Przed Euro obawy były zwłaszcza o lewą stronę z uwagi na uraz Macieja Rybusa. Zmiennik w osobie Artura Jędrzejczyka wypadł więcej niż poprawnie, dlatego nieobecności „Rybki” w żaden sposób nie odczuliśmy. Dzisiaj mistrz Rosji z Lokomotiwem Moskwa jest na szczęście zdrowy, ale „Jędza” już zdecydowanie spuścił z tonu i to jest pewien kłopot dla selekcjonera, bo innych solidnych alternatyw brak – Rafał Kurzawa może i potrafi pomóc ze stałymi elementami gry, ale brakuje mu doświadczenia w grze na tym poziomie.
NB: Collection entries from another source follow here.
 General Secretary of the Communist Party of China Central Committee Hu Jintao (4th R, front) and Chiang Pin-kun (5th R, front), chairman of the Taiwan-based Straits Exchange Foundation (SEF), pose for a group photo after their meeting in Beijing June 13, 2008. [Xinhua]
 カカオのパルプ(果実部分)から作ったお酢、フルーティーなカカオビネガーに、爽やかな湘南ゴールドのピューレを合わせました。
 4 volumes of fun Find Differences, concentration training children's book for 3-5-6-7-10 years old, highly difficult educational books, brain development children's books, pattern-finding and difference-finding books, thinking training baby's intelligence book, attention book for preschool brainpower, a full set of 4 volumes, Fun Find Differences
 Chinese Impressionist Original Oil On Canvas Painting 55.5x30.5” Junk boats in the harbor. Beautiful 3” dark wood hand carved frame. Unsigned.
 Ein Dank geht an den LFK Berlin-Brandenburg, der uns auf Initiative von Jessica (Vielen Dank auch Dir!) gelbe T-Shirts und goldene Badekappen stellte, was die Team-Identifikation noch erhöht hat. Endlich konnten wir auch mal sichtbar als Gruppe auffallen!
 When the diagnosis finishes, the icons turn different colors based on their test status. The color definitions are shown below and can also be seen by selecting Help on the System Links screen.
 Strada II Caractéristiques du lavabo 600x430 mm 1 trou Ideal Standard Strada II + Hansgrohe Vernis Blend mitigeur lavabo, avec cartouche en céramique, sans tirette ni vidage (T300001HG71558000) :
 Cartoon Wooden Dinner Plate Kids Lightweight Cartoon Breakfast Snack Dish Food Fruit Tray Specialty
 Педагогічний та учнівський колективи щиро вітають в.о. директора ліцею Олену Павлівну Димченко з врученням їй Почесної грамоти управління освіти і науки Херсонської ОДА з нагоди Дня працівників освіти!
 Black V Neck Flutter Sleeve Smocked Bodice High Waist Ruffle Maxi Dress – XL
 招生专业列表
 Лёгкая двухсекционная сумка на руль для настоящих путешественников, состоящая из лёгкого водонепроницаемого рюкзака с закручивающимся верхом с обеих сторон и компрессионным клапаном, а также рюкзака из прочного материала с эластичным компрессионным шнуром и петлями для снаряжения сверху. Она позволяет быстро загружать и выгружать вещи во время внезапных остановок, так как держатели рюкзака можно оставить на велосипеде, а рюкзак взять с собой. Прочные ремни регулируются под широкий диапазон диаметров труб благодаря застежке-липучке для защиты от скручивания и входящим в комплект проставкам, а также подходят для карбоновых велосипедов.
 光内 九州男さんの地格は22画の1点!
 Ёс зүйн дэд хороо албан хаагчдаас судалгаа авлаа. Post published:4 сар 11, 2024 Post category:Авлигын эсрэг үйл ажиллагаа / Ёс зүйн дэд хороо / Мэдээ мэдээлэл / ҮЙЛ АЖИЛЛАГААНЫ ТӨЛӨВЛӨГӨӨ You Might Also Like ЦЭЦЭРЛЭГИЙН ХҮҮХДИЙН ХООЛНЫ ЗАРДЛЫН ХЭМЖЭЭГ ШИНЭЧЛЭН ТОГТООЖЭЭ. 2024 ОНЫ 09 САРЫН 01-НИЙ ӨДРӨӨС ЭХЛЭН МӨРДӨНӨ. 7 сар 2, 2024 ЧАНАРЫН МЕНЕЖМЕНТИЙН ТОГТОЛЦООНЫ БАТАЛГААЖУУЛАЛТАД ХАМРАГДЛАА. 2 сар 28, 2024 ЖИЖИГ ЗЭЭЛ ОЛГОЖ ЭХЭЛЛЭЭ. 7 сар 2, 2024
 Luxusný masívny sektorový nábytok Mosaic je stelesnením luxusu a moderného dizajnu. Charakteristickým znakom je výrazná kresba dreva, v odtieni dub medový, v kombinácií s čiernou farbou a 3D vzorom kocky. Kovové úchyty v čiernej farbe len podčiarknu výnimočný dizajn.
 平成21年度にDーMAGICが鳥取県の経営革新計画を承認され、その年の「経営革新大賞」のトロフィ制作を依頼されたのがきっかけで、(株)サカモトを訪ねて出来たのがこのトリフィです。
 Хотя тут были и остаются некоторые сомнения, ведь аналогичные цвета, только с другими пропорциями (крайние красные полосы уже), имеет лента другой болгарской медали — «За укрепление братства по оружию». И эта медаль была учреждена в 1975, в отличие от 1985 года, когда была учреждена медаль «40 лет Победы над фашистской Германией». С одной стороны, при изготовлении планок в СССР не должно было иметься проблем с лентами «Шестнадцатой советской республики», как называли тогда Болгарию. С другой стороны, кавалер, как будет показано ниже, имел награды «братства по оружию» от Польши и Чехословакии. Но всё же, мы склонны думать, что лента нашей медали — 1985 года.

Problemów nie przewidujemy na drugim boku, gdzie od lat występuje Łukasz Piszczek, a w odwodzie od pewnego czasu jest Bartosz Bereszyński, który tak się spodobał w Sampdorii Genua, że dostał podwyżkę i kontrakt do połowy 2023 roku. Pomiędzy tymi zawodnikami jest jeszcze Thiago Cionek, czyli oddany żołnierz selekcjonera pasujący do zadań stricte defensywnych. Przy prawej obronie stawiamy więc plusa, ale przy lewej nieśmiały znak zapytania.
Boczni obrońcy na Mundial: Bartosz Bereszyński (Sampdoria), Thiago Cionek (SPAL 2013), Łukasz Piszczek (Borussia Dortmund), Rafał Kurzawa (Górnik Zabrze), Artur Jędrzejczyk (Legia Warszawa), Maciej Rybus (Lokomotiw Moskwa).
Boczni obrońcy na Euro: Thiago Cionek (US Palermo), Artur Jędrzejczyk (Legia Warszawa), Jakub Wawrzyniak (Lechia Gdańsk), Łukasz Piszczek (Borussia Dortmund).